As of July 2022 twelve nurseries are licensed to propagate UCD varieties: Cal, Cedar Point, Crown, Innovative Organic, Jacobsen Pacific, Larse, Lassen Canyon, Monte Vista, Mountain Valley, NorCal, Planasa, and Sierra-Cascade.

cv. 'Camino Real' produces heavily in the Central Coast. 'CR' yields over 4,000 lb/acre more than cv. 'Chandler', and berries average 27 grams vs. 21 grams, in Fresno County.

From the introduction of methyl bromide in late 1950s to the beginning of phaseout in the late 1990s, MB's effectiveness encouraged breeders to ignore soilborne disease resistance in preference to all other traits. Today, with the end of all methyl bromide use outside of nurseries in December 2016, resistance has become a topic of interest again. There is a wide range of resistance to soilborne pathogens in existing cultivars and these resistances can be effective.

Varieties bred here tie with Mediterranean varieties for the most inbred in the world, due to intense breeding specifically for this market.

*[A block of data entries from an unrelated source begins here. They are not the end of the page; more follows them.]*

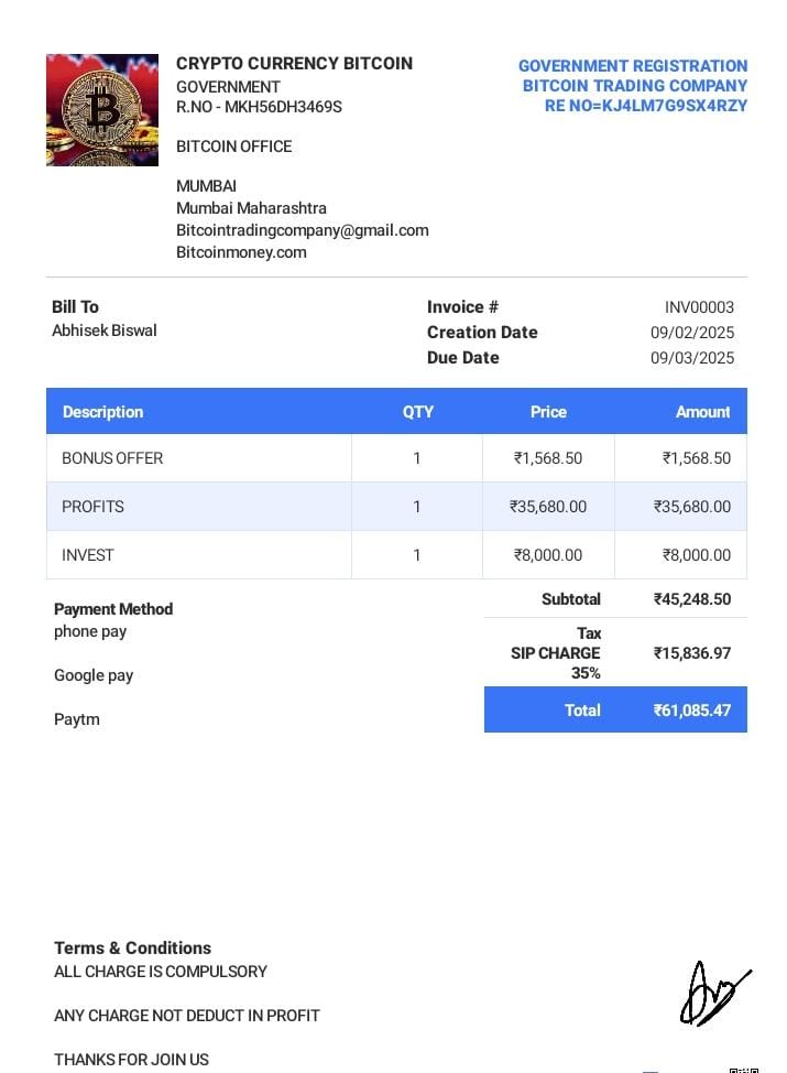 Sir telegram pe ek msg aya link milaa ki 3000 add Karo 12000 milega fir WhatsApp pe meine Kiya fir msg aya ki usne 8000 galti se lagaa diya aur 5000 magne lagaa fir bola ki sip charge 15000 dena padega fir tumhare account mein paise credit hoga
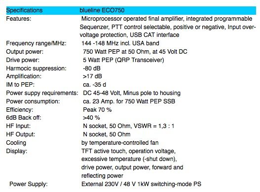 The type of “BlueLine Eco750” for 2m, available from Q4/2011 to SSB-Electronic in Lippstadt, operates on the Doherty principle with up to 20% higher efficiency at medium controls in SSB mode. The power amplifier designed for portable use, but also shows particularly in long-term use its strengths.
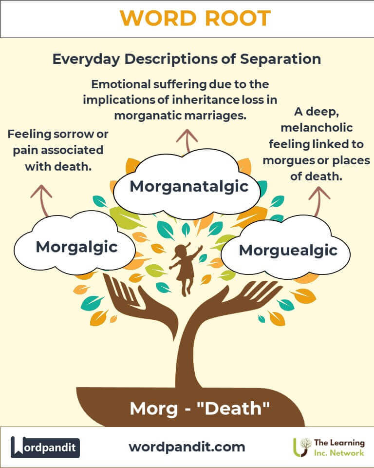 The word root "morg," pronounced as "morg," conveys themes tied to "death" and its ramifications. It forms the basis of somber terms like "morgue," a place of deceased identification, and "morganatic," a term describing a marriage where one party waives claims to inheritance or rank. Despite its grim associations, this root provides an essential lens into societal constructs around mortality.
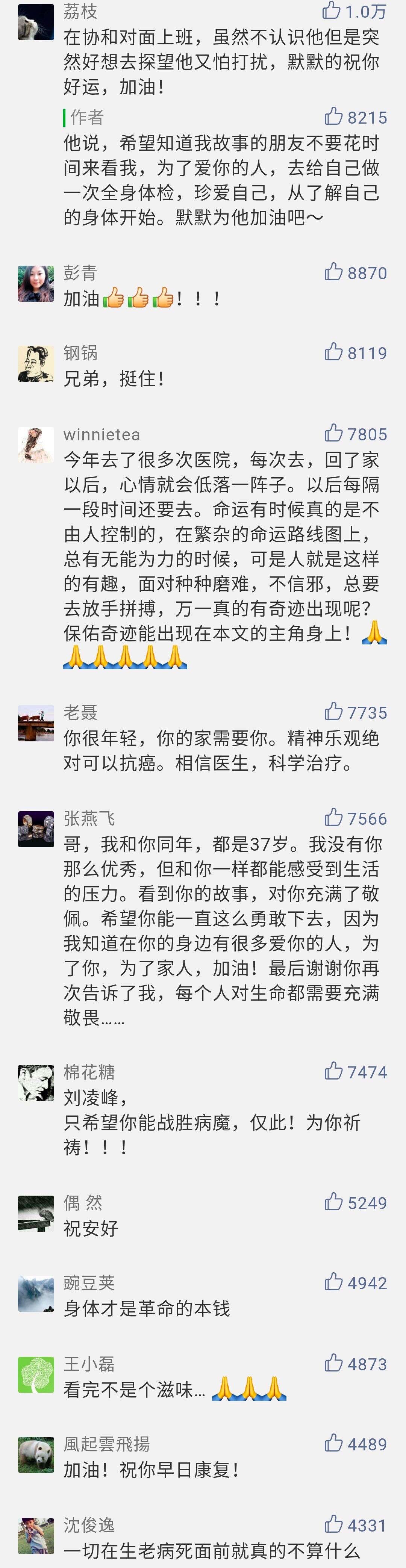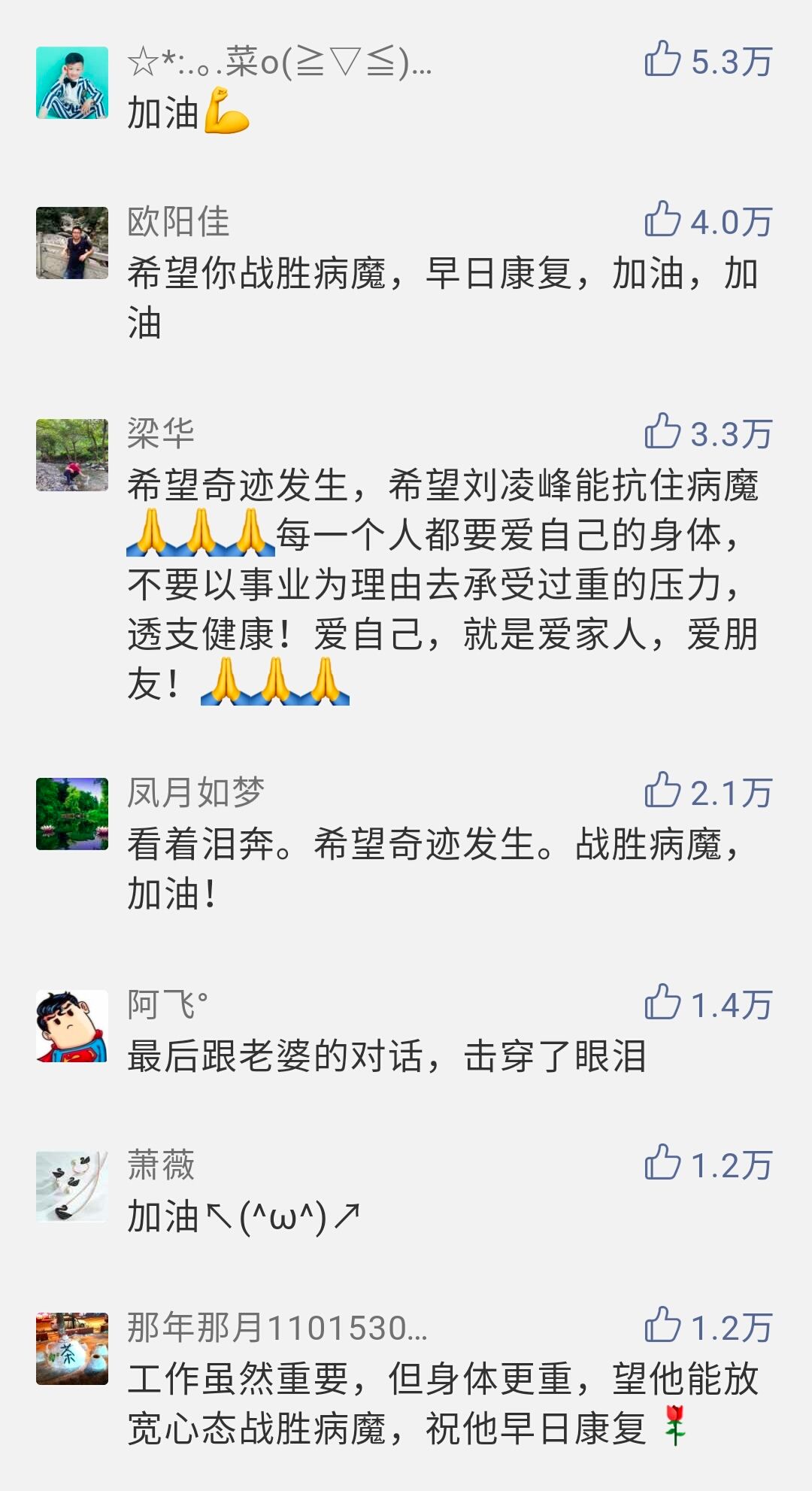 许多陌生网友为刘凌峰“加油”,“希望战胜病魔”!

Florida's industry commonly uses varieties originated here. Turkey's modern strawberry industry was begun from California varieties, and still relies heavily on varieties bred here, along with Florida varieties and some from Australia.

==Testing==
UCD's Foundation Plant Services performs disease testing (especially for viruses), variety identification testing, and supplies tissue or plants for propagation material.